The school should definitely have spoken to her if they've had to reprimand her child for spitting. I think I'd stay civil at pick up times but next time she tried to organise something I'd be honest. "MyDC won't want to do that as YourDC is being quite unkind to them at school."
and if she gets offended, tough titties 🤷🏼‍♀️

BigScaryPumpkin · 22/10/2025 16:27

@bananasinabowl

In terms of the spitting, did you see it happen - or did your child tell you about the spitting?
From working in a school - I’ve never seen a child actually ‘spit’, but what I do see is children blowing raspberries.

Sometimes it’s a game, it’s mostly just silliness - I tell them to stop.
It’s not really malicious like an adults interpretation of ‘spit’.

EatMoreChocolate44 · 22/10/2025 16:30

Word of advice as a primary school teacher (I teach P2 and I've two kids myself) is to not fall out with parents due to their children's silly behaviour.

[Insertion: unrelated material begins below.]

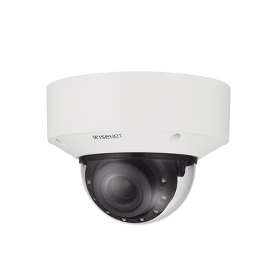 Cámara Domo 2MP XNV-C6083R de Hanwha Techwin, con resolución 1920x1080 y lente motorizado de 2.8 a 12mm. Ofrece compresión H.265, WDR 120dB y certificaciones IP66/IP67/IK10. Ideal para videovigilancia, reduce almacenamiento hasta un 99%25 y proporciona metadatos específicos mediante IA. Visibilidad mejorada en condiciones de baja luz.

Kids are extremely fickle and they are still very much learning how to play at this age. Parents get themselves really worked up about these things and the kids are friends again by lunchtime. It makes life so awkward especially going forward with birthday parties, school events etc. The mum seems like she is being overly friendly to make up for her son's behaviour and wants to be friends. As an adult if someone spat in your face you would be horrified however kids at this age are mean to eachother all the time. Every lunchtime my assistants have a list of names and friendship groups where the children have done x, y and z. Don't get me wrong, there are so many lovely gentle children but lots of boisterous, reactive and challenging children too. They are still so young. Obviously it's more of an issue as they get older as they should become better at recognising and controlling their behaviour. Stop the playdates if you think they are being detrimental to your child and encourage him to play with others but not speaking to the mum is unkind and childish. You don't need to be good friends but if it was me I would try to be polite and friendly when I see her.

Snorlaxo · 22/10/2025 16:32

The mum literally telling the child “Look at X and Y’a good behaviour” was never going to help a friendship blossom.

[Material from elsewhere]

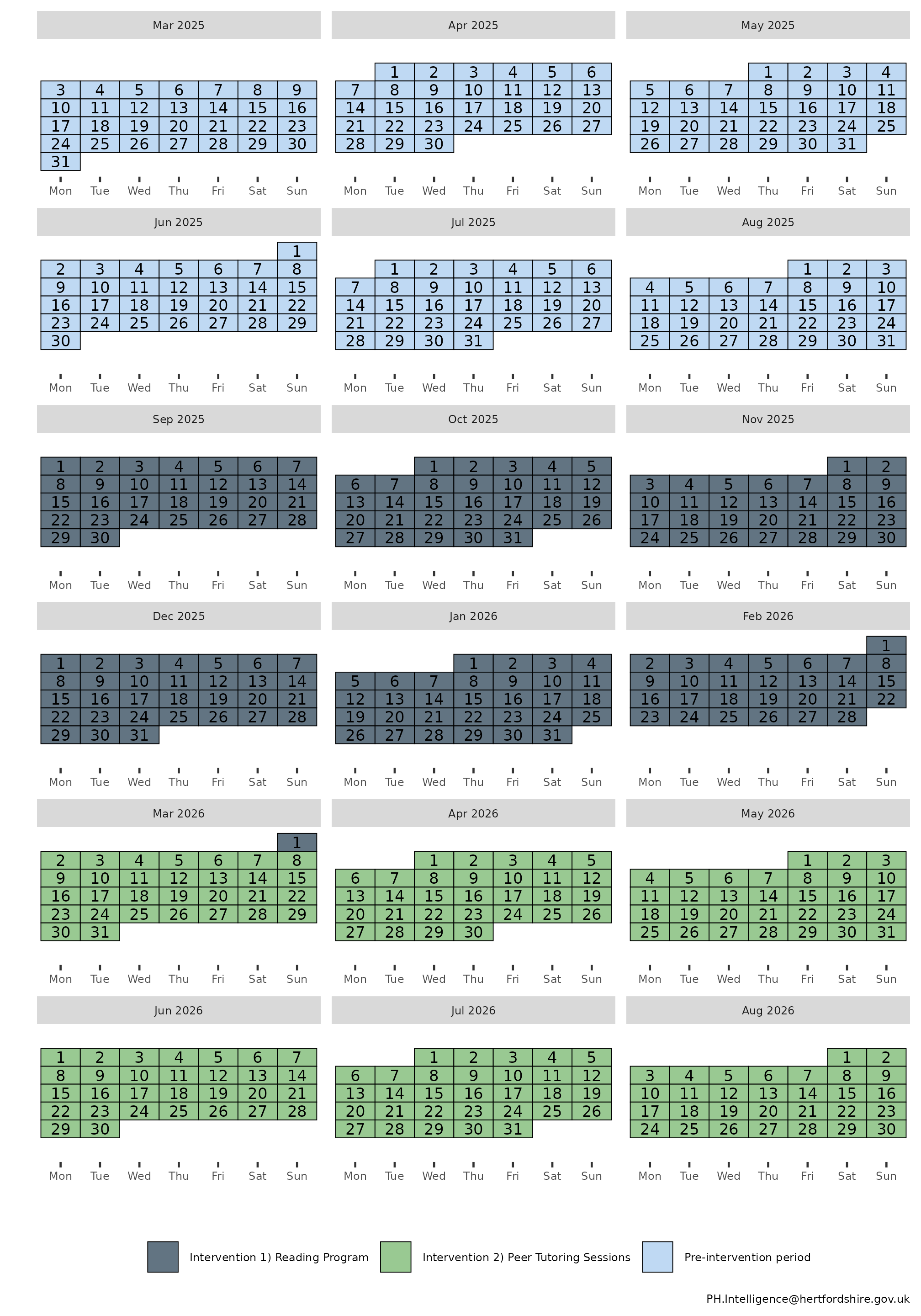 The calendar plot below summarises the timeline of the interventions:

If she asks be direct and say that the kids don’t get along or that her son doesn’t like my son since he spits on him. Hopefully she will get the hint. By being polite, she could be thinking that the school is not overreacting or exaggerating because who in their right mind encourages a friendship with a child who is nasty to theirs? The boys should leave each other alone and you should help that by leaving the mum alone too.